Conformal Mappings dealing with Slits

Question

The goal is to find a conformal mapping of the domain $$U=\lbrace z: \vert z \vert <1, z\not\in [1/2,1)\rbrace$$ to the unit disc $D$. I would like to learn how to deal with the slit; I imagine in one direction the slit has to be introduced while in the other direction it has to be erased (and those are both techniques I'd like to be able to use). I have no experience with slits and examples that I have seen haven't included enough detail or images, so I don't have the right intuition when dealing with these yet. Can I get a detailed explanation (preferably with some diagrams) of how to deal with the slit in one of the directions?

In going from $D$ to $U$, I would probably start by mapping onto a half-plane, but usually the slit is introduced shortly after and that's where I'm lost. I'm not sure what it means to introduce a slit.

Answer 1

This seems complicated, but drawing pictures will help.

Let's start with $U=\mathbb D\setminus [1/2,1)$. Let's first change the strip by mapping $1/2$ to $0$. For this purpose you can use a Mobius transformation of the unit disk that maps $1/2$ to $0$. One such transformation is $\frac{z-1/2}{1-z/2}$. Notice that this maps $1$ to $1$ (otherwise you could use a rotation). Since Mobius transformations map lines to lines, the strip $[1/2,1)$ is mapped 1-1 to the strip $[0,1)$.

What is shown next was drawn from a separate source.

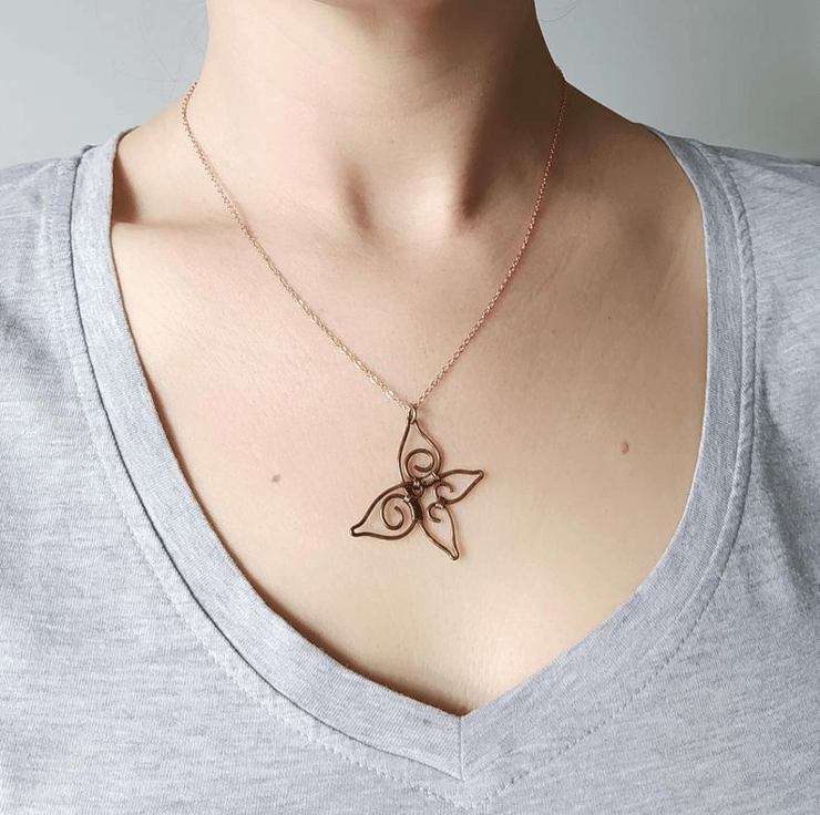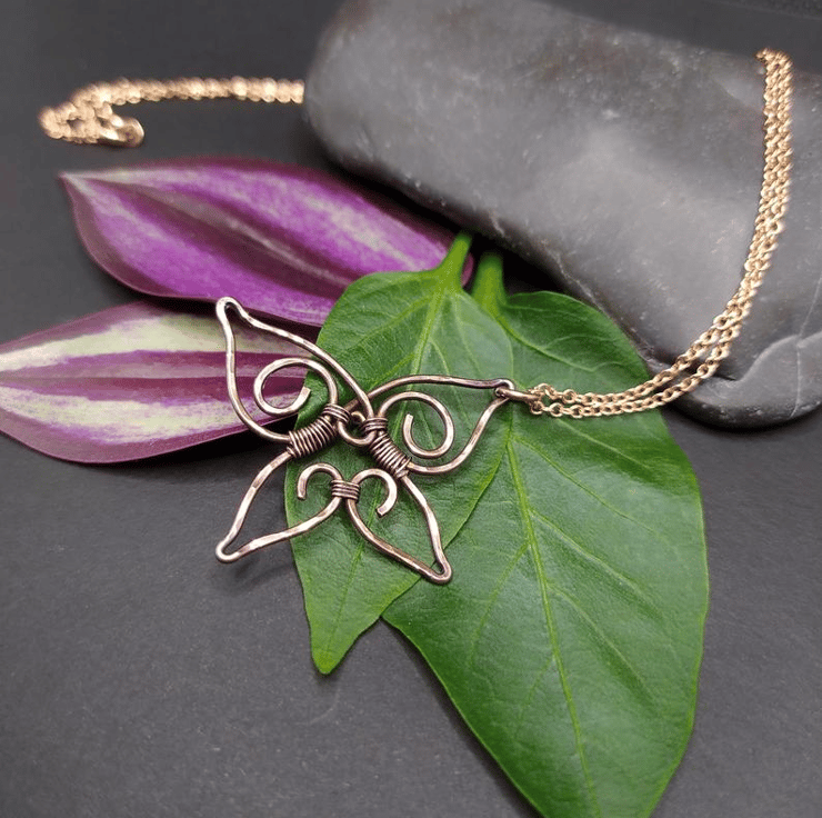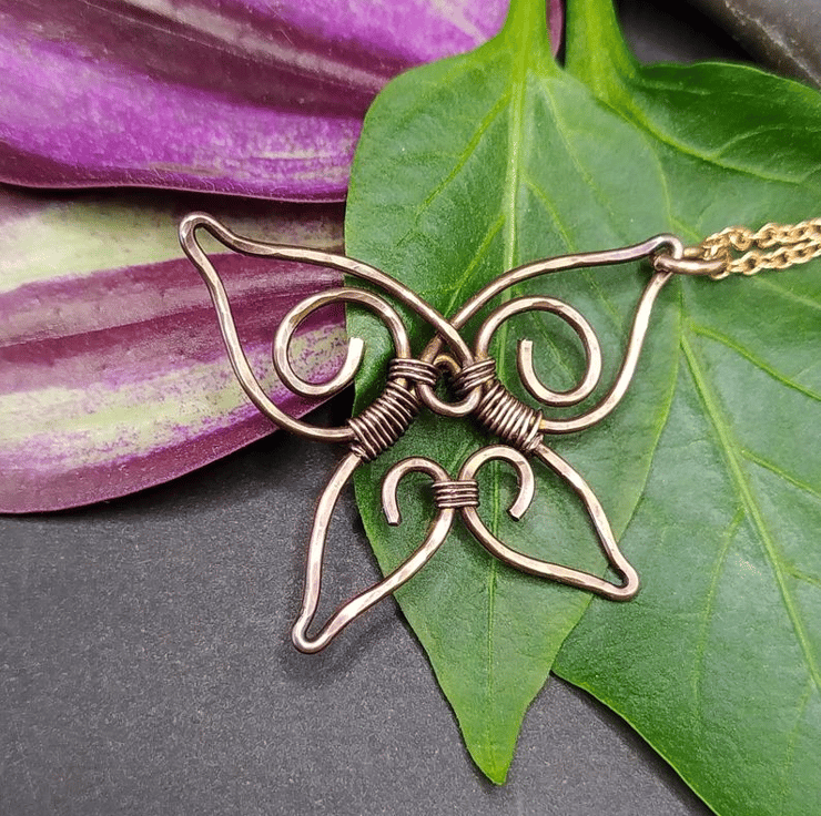 Butterfly shaped pendant necklace made from oxidised copper wire. Swirly filigree style wire wrapped design, a delicate handmade piece that makes a statement at the same time.

Our domain now is $U_1=\mathbb D\setminus [0,1)$, and we wish to map it to the upper half plane. We know that the map $\frac{z-i}{z+i}$ maps the upper half plane $\mathbb H$ onto the unit disk, therefore its inverse maps the unit disk onto the upper half plane, and in particular the slit $[0,1)$ is mapped to $[i,i\infty)$ on the imaginary axis. Hence, our domain now is $U_2=\mathbb H\setminus [i,i\infty)$.

Next, use the function $z^2$ which will map the domain $U_2$ onto $\mathbb C$ minus two rays on the real axis: $(-\infty,-1]$ ( which is the image of $[i,i\infty)$) and $[0,\infty)$. It looks like you have two slits now, but it is actually only one slit since it is a "line segment" from $0$ to $-1$, passing through $\infty$.

Let's convert this "line segment" to a ray in the following way: Use a Mobius transformation to map $-1 $ to $\infty$. For example we can use $\frac{z}{z+1}$. Notice that this maps the real line onto itself, it also maps $0$ to $0$ and it is easy to check that the previous "line segment from $0$ to $-1$ through $\infty$" is now mapped onto the desired ray $[0,\infty)$.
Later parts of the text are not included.